A few months later, on September 8, 1832, this editor included the following news item in his publication: "A fellow in St. Louis, Missouri, arrested, having $2,750 in notes of the Salem & Philadelphia Manuf'g Company of New Jersey."
Of course, not all cases of fraud have such happy endings. During the 1980s, in the biggest bank robbery in history, various criminals--aided by their lackeys in the Democratic Party, including Jim Wright of Texas, Tony Coehlo of California, Ferdinand St. Germain of Rhode Island, and Don Reigle of Michigan--stole something like $200 billion from the savings and loan associations of the country. Again, the schemers outsmarted the regulators and found the politicians pliable enough. And, again, honest bankers and the public-at-large were made to suffer.
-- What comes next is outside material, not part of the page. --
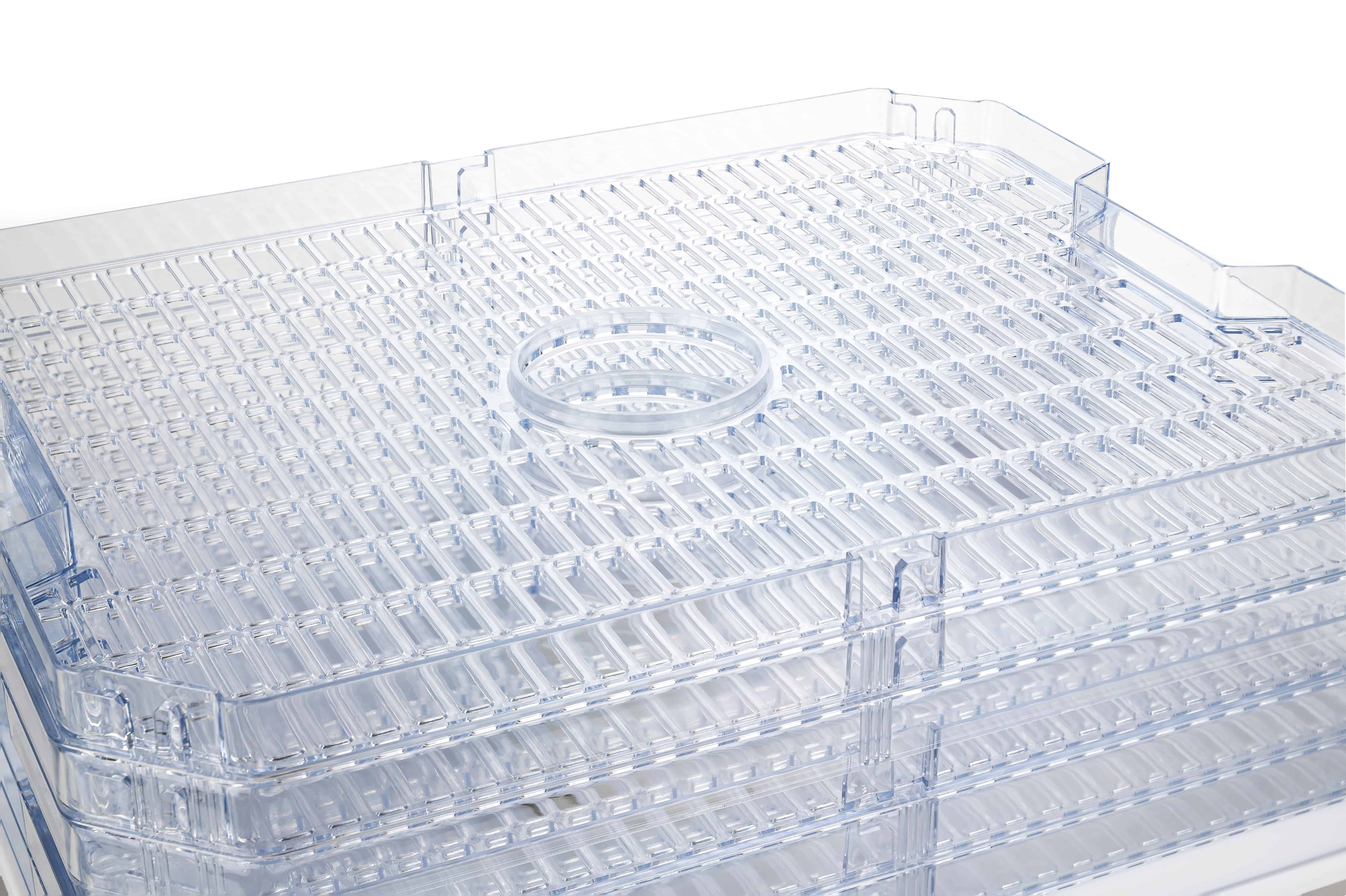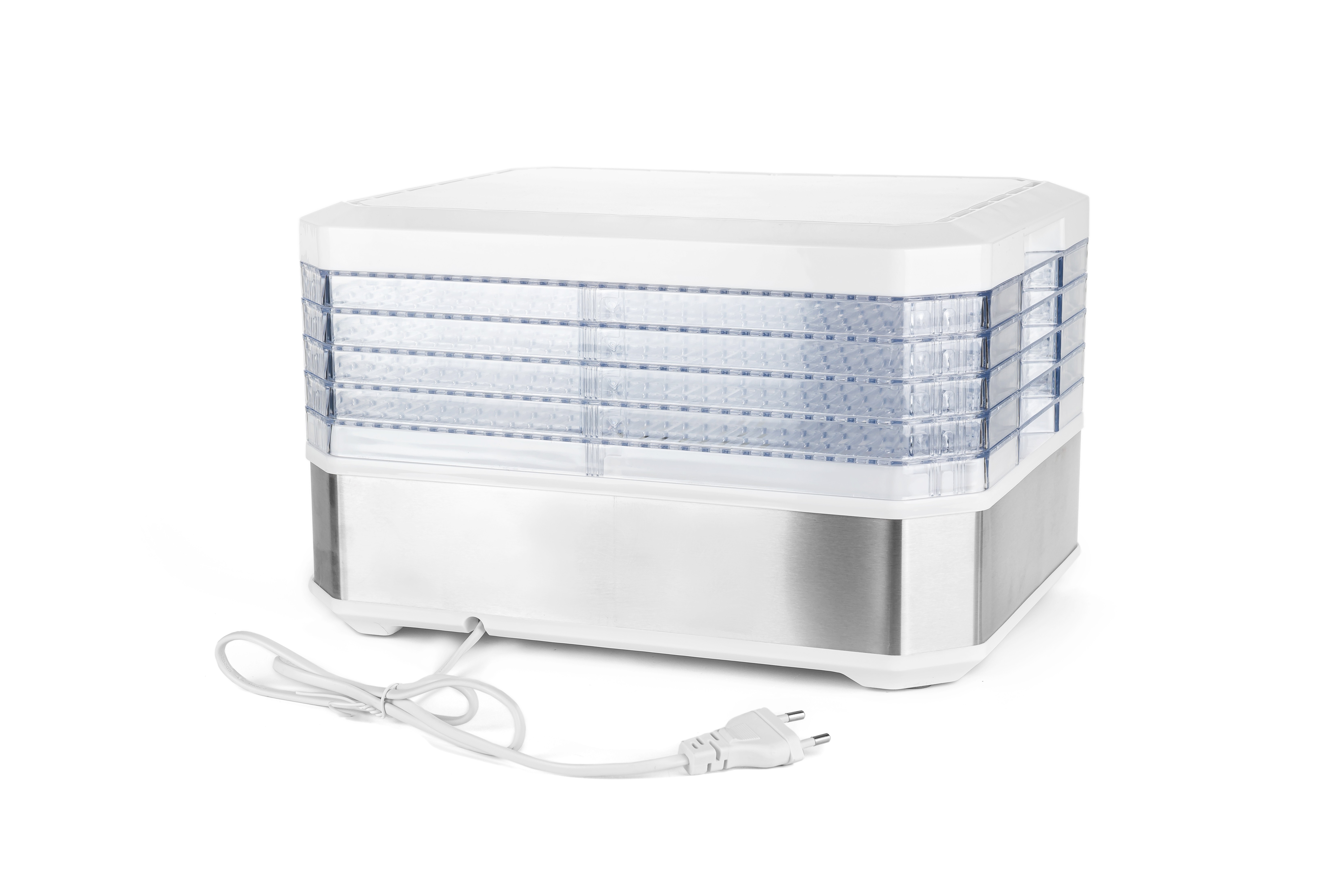 Сушилка имеет 5 сушильных поддонов диаметром 38 см и высотой 2 см, что позволяет сушить большое количество продуктов за один раз. Прямоугольная форма изделия позволяет размещать продукты эффективно, обеспечивая оптимальное использование пространства.
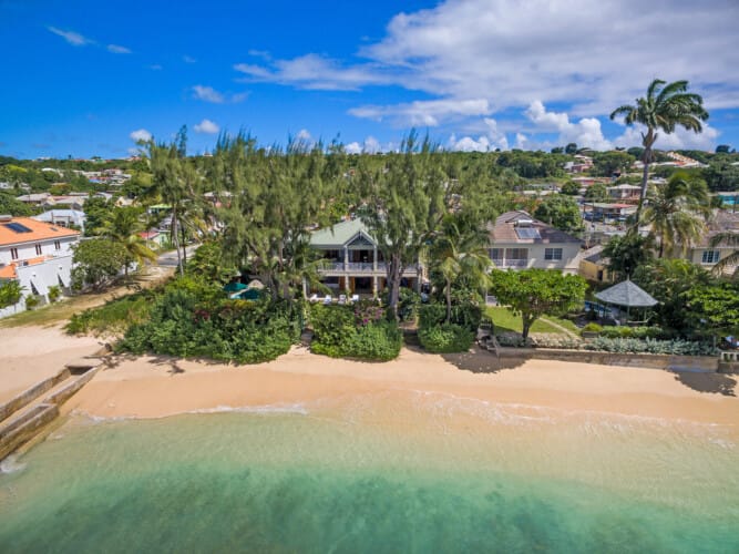 Set directly on the sand, this two-storey Barbados holiday villa embraces sweeping ocean views and the timeless character of traditional Barbadian homes.

The worst response to these cases is the one most frequently chosen by the political class: pass more government regulations, centralize the system, and put the bureaucrats in charge of rooting out cheats and crooks. It never works. Often, this path kicks the crooks up a little higher in the food chain, so instead of wildcat banking, we get wildcat central banking and international business cycles. The best advice to investors is--as it has always been--caveat emptor.
But getting back to the $3 bill of the Salem & Philadelphia Manufacturing Company: at least it wasn't a total loss. After the passing of 170 years, this note is finally worth something--as a collector's item.